**Task goal**
Copy word for word the lines in the records below, starting at the line with "Elegant Modern Black" and ending at the line with "Elegant and chic". Skip the pictures.

Exercise data section start

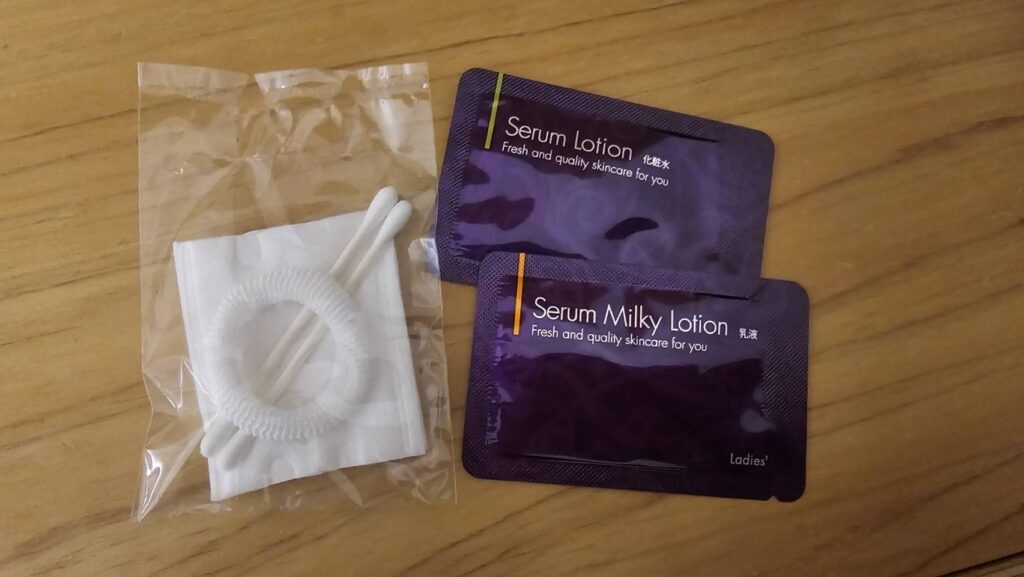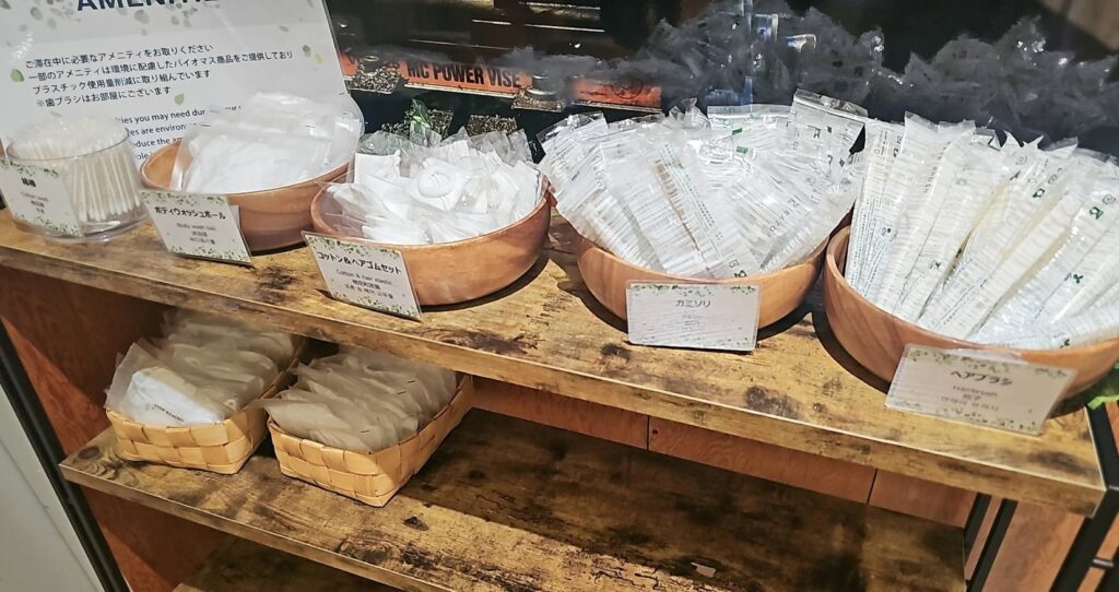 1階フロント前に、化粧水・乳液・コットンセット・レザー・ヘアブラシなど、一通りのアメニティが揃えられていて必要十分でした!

Exercise data section end
Exercise data section start

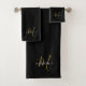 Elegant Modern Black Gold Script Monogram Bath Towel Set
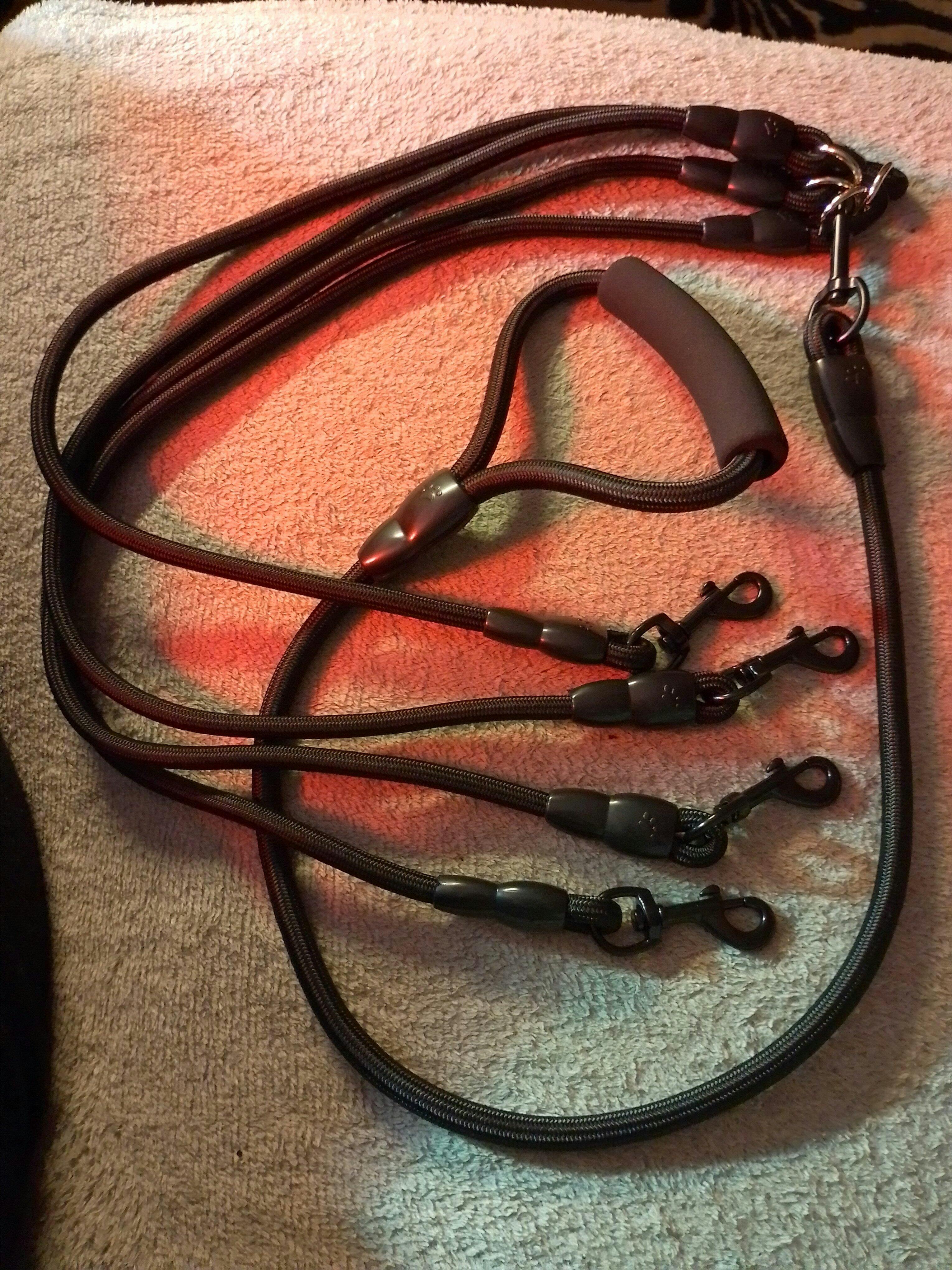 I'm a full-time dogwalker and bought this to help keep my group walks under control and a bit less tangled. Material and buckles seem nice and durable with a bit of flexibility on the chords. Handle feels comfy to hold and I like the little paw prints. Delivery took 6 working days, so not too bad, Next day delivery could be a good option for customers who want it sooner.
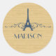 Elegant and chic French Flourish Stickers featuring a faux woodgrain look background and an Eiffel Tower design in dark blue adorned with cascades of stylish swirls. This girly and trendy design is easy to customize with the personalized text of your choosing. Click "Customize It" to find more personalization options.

Exercise data section end
Exercise data section start

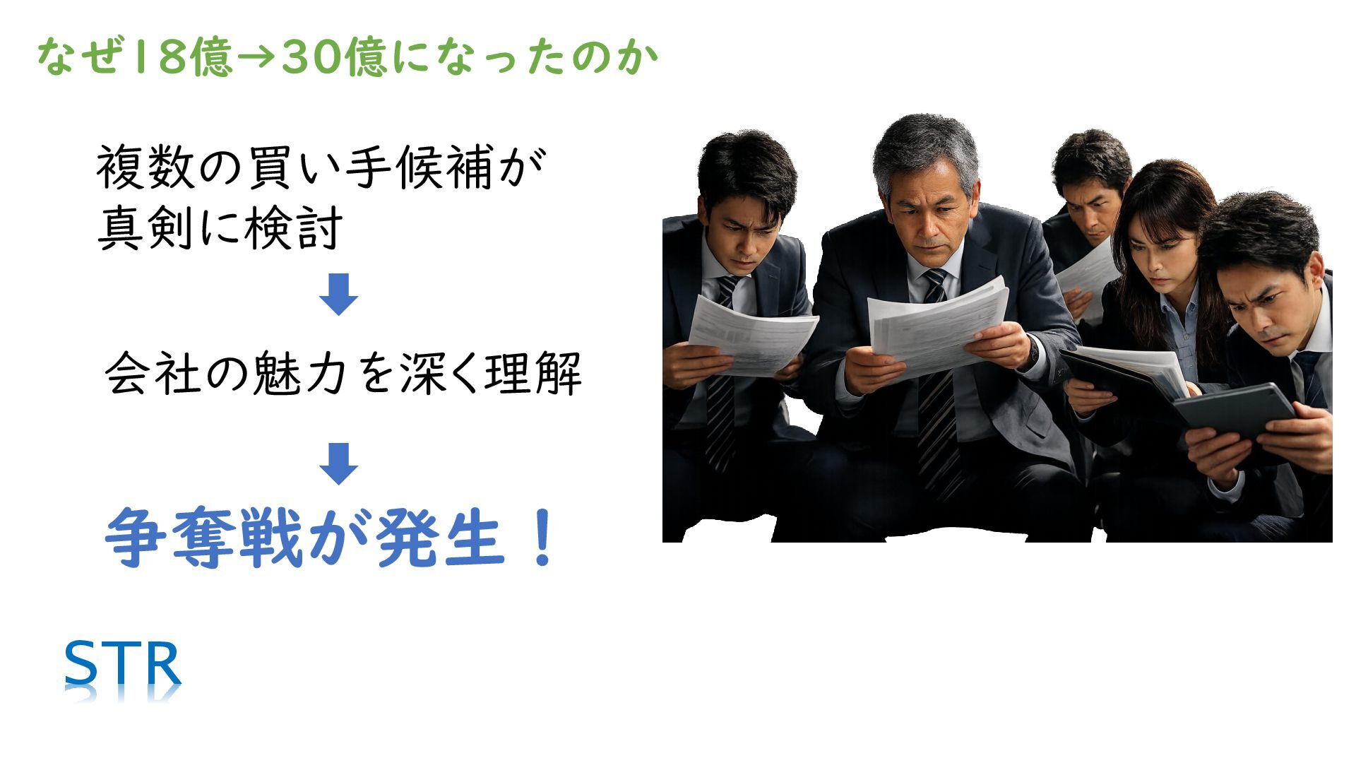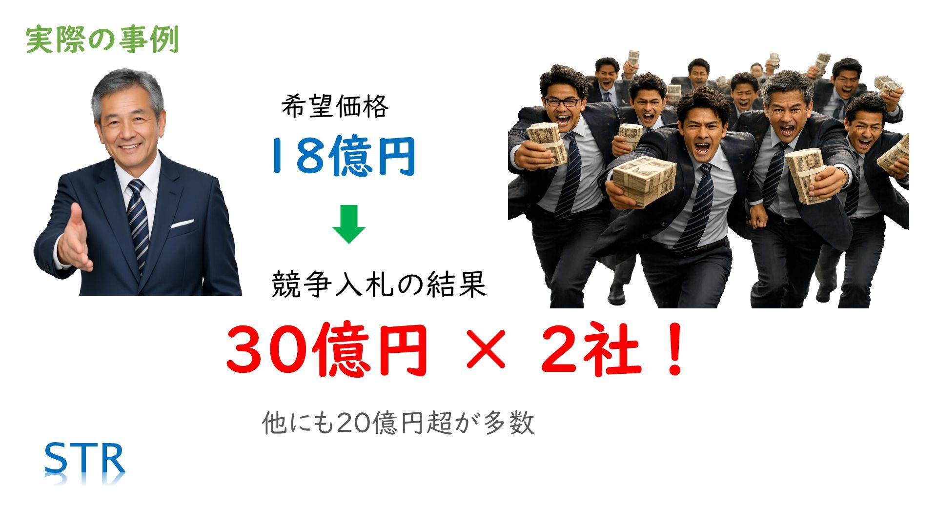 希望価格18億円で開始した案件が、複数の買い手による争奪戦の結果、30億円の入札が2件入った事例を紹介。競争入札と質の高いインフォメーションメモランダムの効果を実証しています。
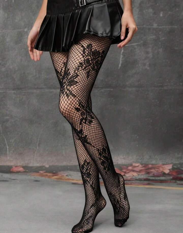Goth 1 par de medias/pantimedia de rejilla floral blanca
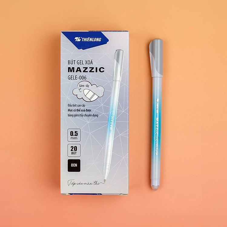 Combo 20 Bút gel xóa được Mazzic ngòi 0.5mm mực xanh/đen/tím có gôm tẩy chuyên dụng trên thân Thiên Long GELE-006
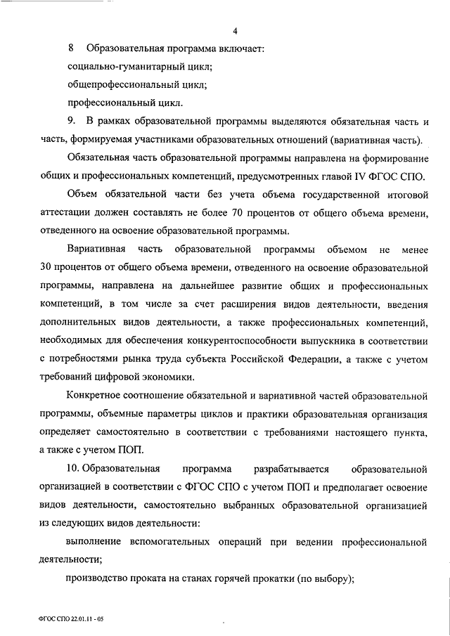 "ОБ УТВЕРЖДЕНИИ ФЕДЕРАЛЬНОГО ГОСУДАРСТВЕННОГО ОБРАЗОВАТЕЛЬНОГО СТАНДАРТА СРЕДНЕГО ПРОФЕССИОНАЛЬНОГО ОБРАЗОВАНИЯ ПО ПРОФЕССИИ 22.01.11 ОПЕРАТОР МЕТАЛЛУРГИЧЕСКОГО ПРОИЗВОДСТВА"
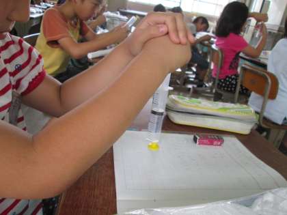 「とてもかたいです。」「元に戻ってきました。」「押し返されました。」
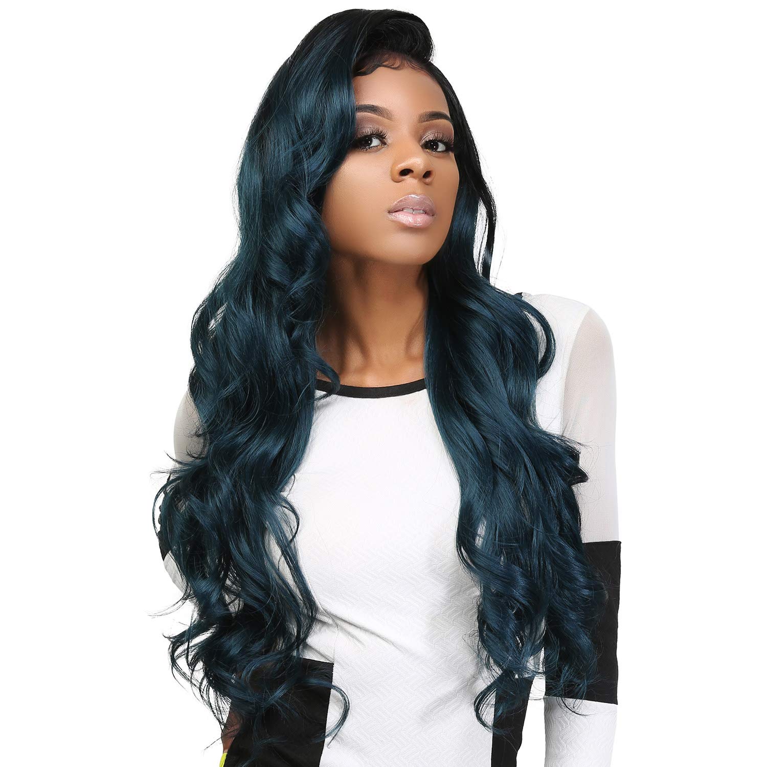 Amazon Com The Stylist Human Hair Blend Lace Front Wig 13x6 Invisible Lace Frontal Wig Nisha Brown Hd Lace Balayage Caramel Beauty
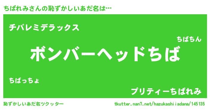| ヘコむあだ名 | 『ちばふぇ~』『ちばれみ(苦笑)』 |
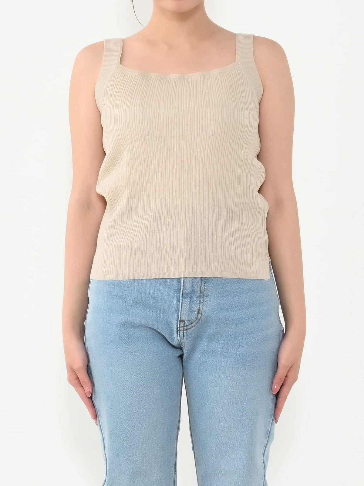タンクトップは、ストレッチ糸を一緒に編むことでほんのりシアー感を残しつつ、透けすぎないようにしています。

Exercise data section end

**Your response**
 Elegant Modern Black Gold Script Monogram Bath Towel Set
 I'm a full-time dogwalker and bought this to help keep my group walks under control and a bit less tangled. Material and buckles seem nice and durable with a bit of flexibility on the chords. Handle feels comfy to hold and I like the little paw prints. Delivery took 6 working days, so not too bad, Next day delivery could be a good option for customers who want it sooner.
 Elegant and chic French Flourish Stickers featuring a faux woodgrain look background and an Eiffel Tower design in dark blue adorned with cascades of stylish swirls. This girly and trendy design is easy to customize with the personalized text of your choosing. Click "Customize It" to find more personalization options.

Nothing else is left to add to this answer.